Roxy Film
- Company type: Film production company
- Industry: Film
- Founded: 1951
- Founder: Luggi Waldleitner

= Roxy Film =

German film company

Roxy Film is a German film production company established in 1951 by Luggi Waldleitner. During the 1950s, it was a leading producer with films such as melodramas which continued the traditions of the 1930s and 1940s. The company was responsible for the first German-American co-production since World War II, Oasis (1955). The company's most successful films in its first 10 years were Das Mädchen Rosemarie (1958), which was a joint winner of the Golden Globe Award for Best Foreign Language Film, and El Hakim. During the 1960s the company struggled, partly due to fierce competition from other producers such as Rialto Films which were better at using new genres such as Edgar Wallace thrillers and Karl May westerns, and due to lack of government support of the film industry.

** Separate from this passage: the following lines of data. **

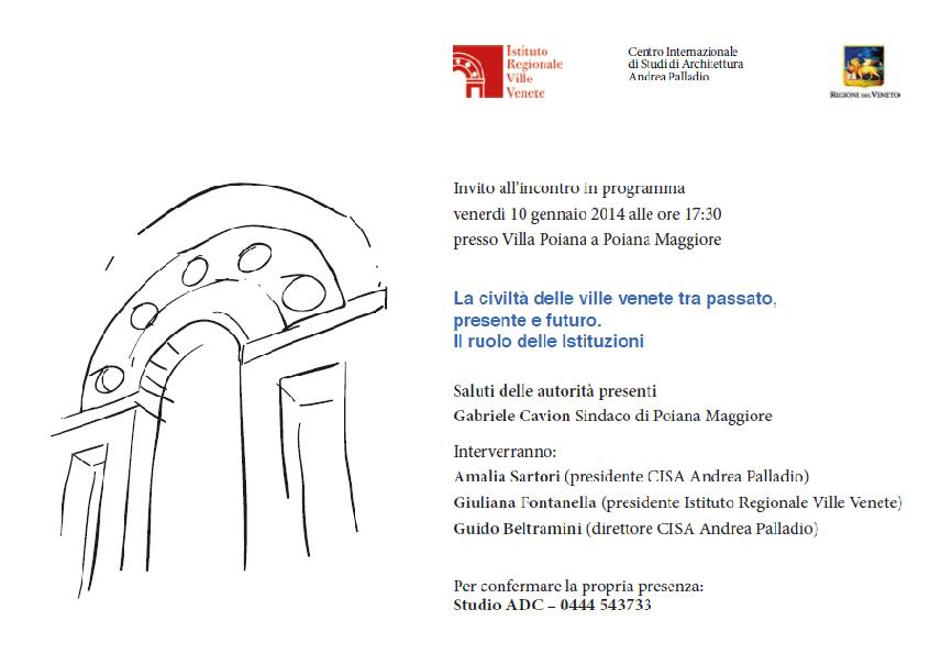 L'Istituto Regionale Ville Venete, in collaborazione con il Centro Internazionale di Studi di Architettura di Andrea Palladio e la Regione del Veneto, invitano all'incontro
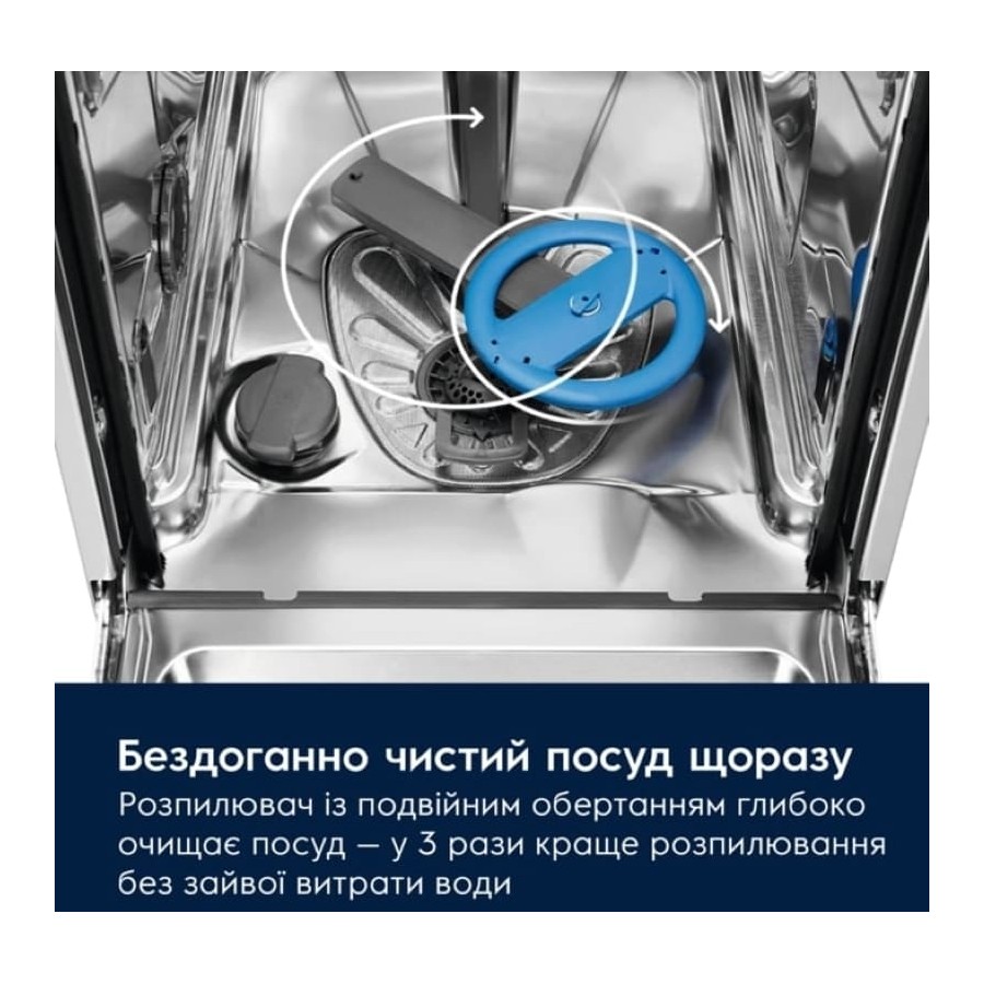 Посудомийна машина Electrolux розроблена для якісного очищення посуду з урахуванням різних типів завантаження. Система SatelliteClean працює за рахунок розпилювача з подвійним обертанням, який змінює кут подачі води, що допомагає ретельно очищати посуд у всьому об’ємі камери, включно з великими предметами.
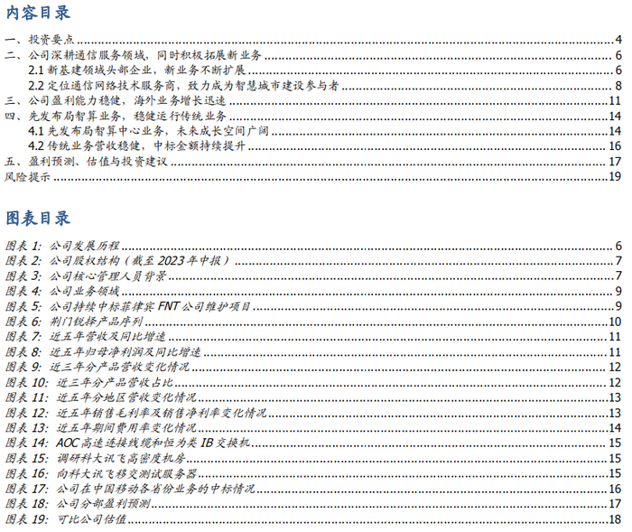 投资建议:我们预计公司2023-2025年收入为35.15/43.56/53.40亿元,归母净利润为2.22/2.77/3.44亿元,对应PE分别为32/25/20倍。公司是国内新基建领域头部企业,主业提供新型数字基础设施提供网络建设服务,同时布局新能源与智算赛道,未来伴随AI算力需求重要性不断提升,公司营收有望实现高速增长,首次覆盖,给予“增持”评级。

By the late 1960s the company had begun to specialise in making sex comedies, but in the 1970s moved to producing adaptations of classic literature and funding ambitious projects by members of the New German Cinema such as Rainer Werner Fassbinder.

==Bibliography==
- Bock, Hans-Michael & Bergfelder, Tim. The Concise CineGraph. Encyclopedia of German Cinema. Berghahn Books, 2009.